In this case, the corporate cultures of Spyglass and Intermedia were too different to meld, while some say Sinclair wanted a richer exit package than Barber wanted to approve.
But Intermedia remains a player in the film biz.
Although the announcement included the painful detail that Intermedia will suffer a loss with a change in its accounting rules, that profit warning stemmed primarily from the upcoming $90 million Harrison Ford pic “K-19: The Widowmaker,” directed by Kathryn Bigelow.
The movie will prove something of a watershed for Intermedia. If it proves successful in its U.S. release this summer, that negative impact should be more than reversed.
Intermedia’s U.S. distribution deal with Paramount gives the sales company a significant share of the upside in return for a modest share of the risk. If the movie reaches a $60 million gross — below par for a Ford action drama — Intermedia will be about $8 million out of pocket. At $100 million, the company will be comfortably in profit. At $150 million, the very top end of expectations, the film would add $40 million to Intermedia’s bottom line.
Increasingly, the company is shifting toward deals like this one in selected territories, rather than relying solely on worldwide pre-sales to cover production costs.
However, WestLB Panmure media analyst Annalie Hoppe says Intermedia’s announcement of new accounting principles has hurt the company’s credibility with the marketplace.
“Intermedia took a huge hit and seriously upset their investors with this announcement,” Hoppe says. “They killed any trust in their shares.”
In the meantime, Intermedia is not the only one to feel the pain. On March 6, Splendid reported it would write off 16.3 million euros ($14.2 million) from the Intermedia shares it received last year in the sale of Initial Entertainment Group. Intermedia’s stock closed March 7 at 8.42 euros.

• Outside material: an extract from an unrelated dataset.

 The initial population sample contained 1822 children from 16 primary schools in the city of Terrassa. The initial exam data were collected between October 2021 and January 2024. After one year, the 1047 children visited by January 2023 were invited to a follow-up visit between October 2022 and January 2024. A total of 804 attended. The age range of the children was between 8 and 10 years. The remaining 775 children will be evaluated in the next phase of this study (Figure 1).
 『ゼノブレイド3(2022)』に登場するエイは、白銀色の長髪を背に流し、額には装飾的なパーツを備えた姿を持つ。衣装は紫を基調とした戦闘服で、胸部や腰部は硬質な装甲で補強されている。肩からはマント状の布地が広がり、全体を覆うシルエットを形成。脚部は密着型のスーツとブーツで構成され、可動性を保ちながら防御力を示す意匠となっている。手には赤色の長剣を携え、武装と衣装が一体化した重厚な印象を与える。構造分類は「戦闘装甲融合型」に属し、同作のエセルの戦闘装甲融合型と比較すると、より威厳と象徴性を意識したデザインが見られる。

Hoppe says Intermedia’s problems have less to do with the Neuer Markt as a whole and more with the domestic and international film business.
The company sold itself as an intermediate producer/distributor completely independent of the local theatrical distrib biz, she says. However, an overabundance of films on the market means German distribs face an uphill battle unloading second-run rights onto cash-strapped TV broadcasters — not to mention Intermedia’s own failure to secure German distribution for high-profile titles such as “K-Pax” and “K-19.”

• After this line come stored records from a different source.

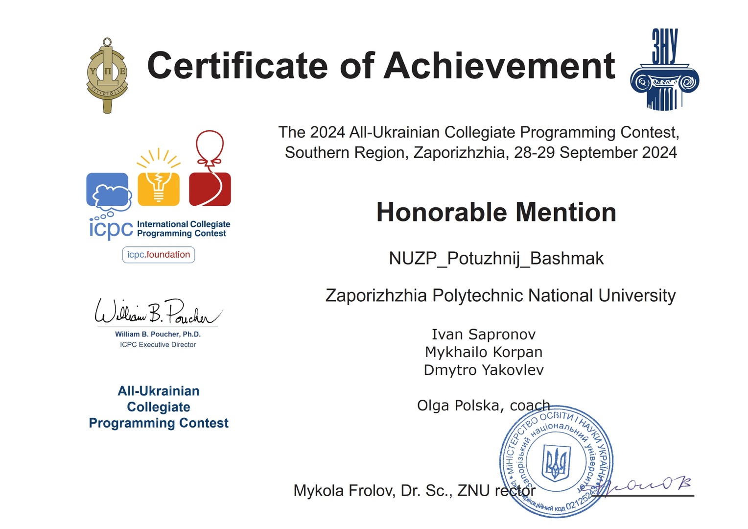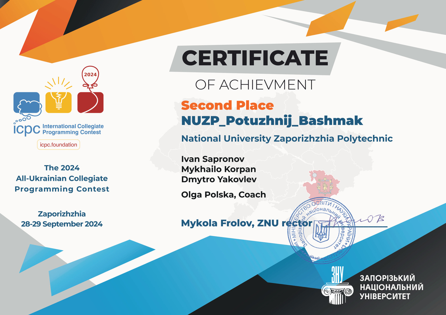 - команда NUZP_Potuzhnij_Bashmak (Іван Сапронов, КНТ-523, Михайло Корпань, КНТ-513, Дмитро Яковлев, КНТ-514сп, тренер — старша викладачка Ольга Польська)
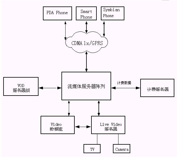根據(jù)中國(guó)2.5網(wǎng)絡(luò)的特點(diǎn),結(jié)合我們自身的技術(shù)和系統(tǒng)解決方案的優(yōu)勢(shì),我們針對(duì)CDMA1X網(wǎng)絡(luò)推出了移動(dòng)VOD,增強(qiáng)型移動(dòng)視頻郵件、移動(dòng)可視電話的系統(tǒng)解決方案。在GPRS網(wǎng)絡(luò)上則推出了移動(dòng)音頻點(diǎn)播業(yè)務(wù),移動(dòng)視頻郵件業(yè)務(wù)。下面我們對(duì)這些業(yè)務(wù)做具體描述。
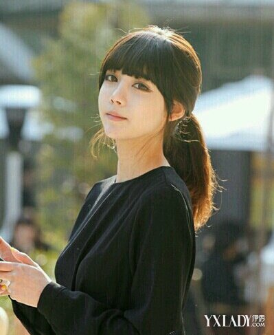 齐刘海的萌妹子扎起马尾来,显得特别的文静,淑女,因此,马尾不要扎得太高,就在中等偏下一点点的位置就好。

Despite its current share price, Intermedia still has much to offer.
The company is cash-rich — richer than it would have been if the Spyglass deal had gone through — and has deals in place with an array of top producers including Sydney Pollack, Barry Levinson and Mark Johnson.
Then there’s the product: Among upcoming Intermedia titles are MGM’s “Dark Blue,” Columbia Pictures’ “National Security” and “Basic” and Universal’s “The Life of David Gale.”

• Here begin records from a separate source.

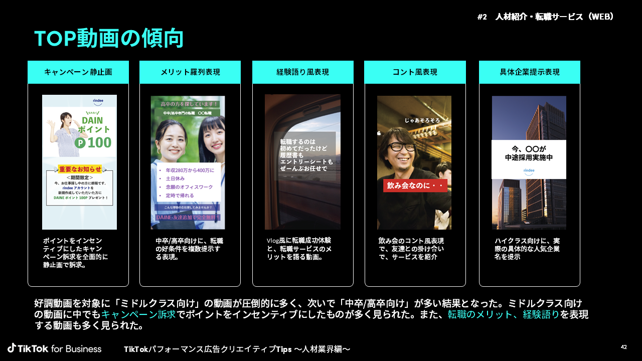 人材紹介・転職サービスでは、ミドルクラス向けの動画が圧倒的に多く、その中でもインセンティブを表示してキャンペーンを訴求する動画が好調です。また、転職の成功体験や転職サービスのメリットを語る表現も効果を高める傾向にあります。
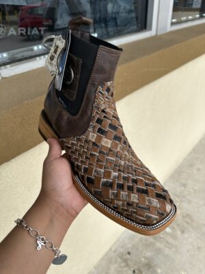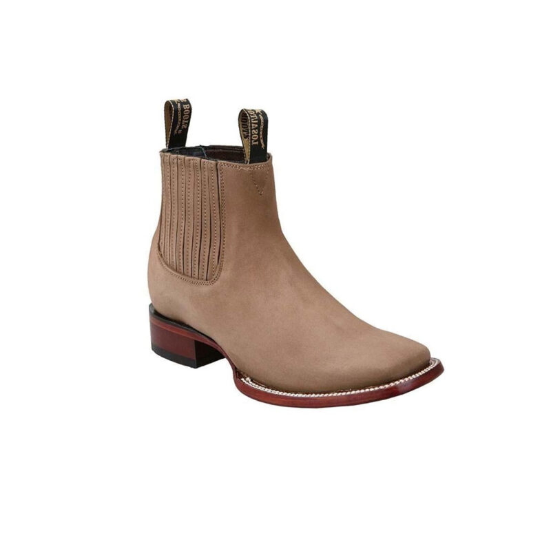 Nobuck Wide Square Toe Ankle Boot in Taupe
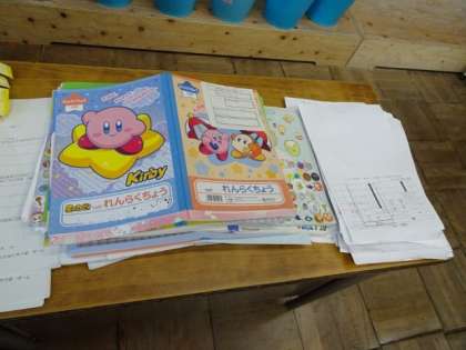 明日の予定を書いたら、連絡帳を前に出します。

Of course, no film company has been able to figure out how to engineer film slates that consistently conform to the demands of quarterly reports.
Intemedia is no exception: While “The Wedding Planner” and “K-Pax” each debuted at No. 1 on their respective weekends last year, the company’s track record includes plenty of less-impressive titles, such as “Company Man,” “Enigma,” “Hilary and Jackie,” “Love’s Labour’s Lost” and “Up at the Villa.”
Given the loss of face that Intermedia has suffered in the last week, big box office numbers may be the only thing that can restore investors’ faith.
While Intermedia’s standing has suffered among some investment banks, Christoph Schmidt, a media attorney with PriceWaterhouseCoopers Veltins in Munich, expresses confidence in the company’s product. However, he predicts its stock price will remain weighed down by its profit warning and upcoming annual figures, which will be published March 14. He also adds that what happened to Intermedia is a reminder of the high risk endemic to the film industry.
Says Schmidt, “It’s certainly different than investing in real estate.”